I was working at a customer site doing
some VMware and Microsoft work. I came in around 1pm and couldn’t get to
anything. We couldn’t ping any VM’s. I could however ping the ESXi hosts. I
used the vSphere client to connect to each host individually and saw that all
VMs were turned off. At the time I had no clue why they were off. The only
thing I saw on one of the hosts was that we had lost network redundancy on one
of the hosts.
I asked one of the guys if they did
anything on the hosts and they said no. I talked to another guy and he had
someone else reboot the switch. A little background, all of the ESXi hosts are
connected to the same switch (bad) and didn’t separate NICs. When the switch
was unplugged all of the hosts determined that they were in Host isolation mode
and the way HA was set up was that they were supposed to shut down the VMs.

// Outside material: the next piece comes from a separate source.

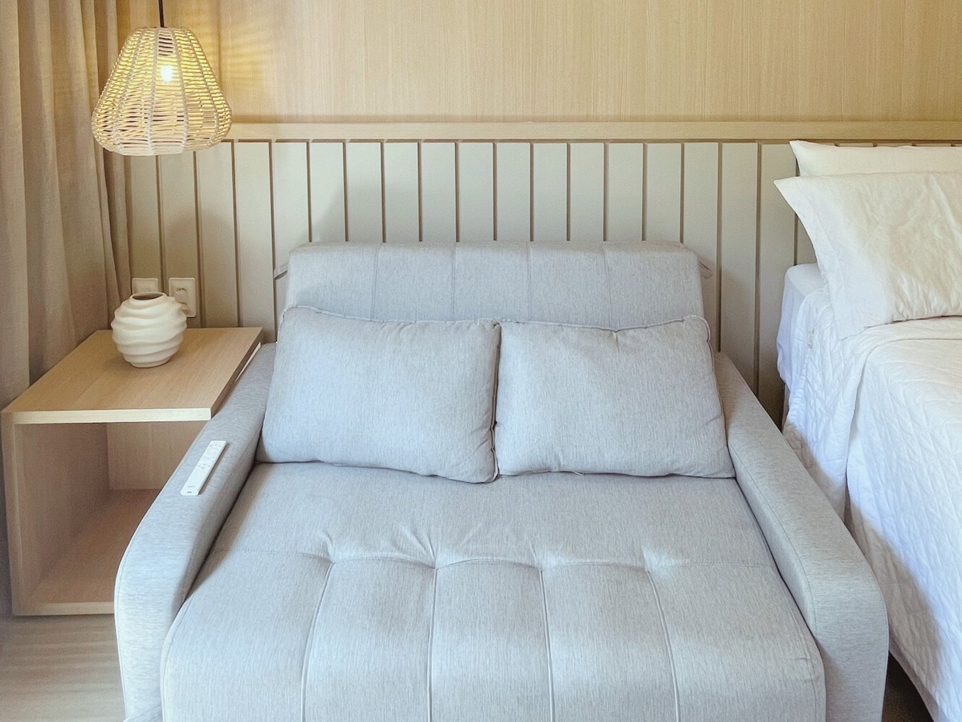 Com 24m², acomoda até 3 pessoas numa cama casal queen e um sofá-cama, possui cozinha compacta com microondas, frigobar, cafeteira, sanduicheira e alguns utensílios domésticos. Varanda aconchegante e privativa. Na orla da Praia de Cabo Branco, perto de bons restaurantes e bares. Fica a 2,4km do Largo de Tambaú, 4km do Mercado de Artesanato e tem vista para as Piscinas Naturais do Seixas. Linda área de lazer na cobertura, piscina aquecida, sauna, academia, coworking e estacionamento rotativo.

The purpose of this is so that if
one host does get isolated then the VMs will shut down and get restarted on a
different host. However since all hosts believed they were isolated they all
shut down their respective VMs and sat there doing nothing with all VMs shut
off. What would have prevented this would have been to have 2 switches and one
NIC connected to each switch. I didn’t design this network, and know it is not
best practice to do this, but it was interesting to see this happen. We were
doing maintenance on the weekend, so it was no big deal, but imagine the
repurcussions is you only have one switch and it fails during the day and all
VMs go down. Not good.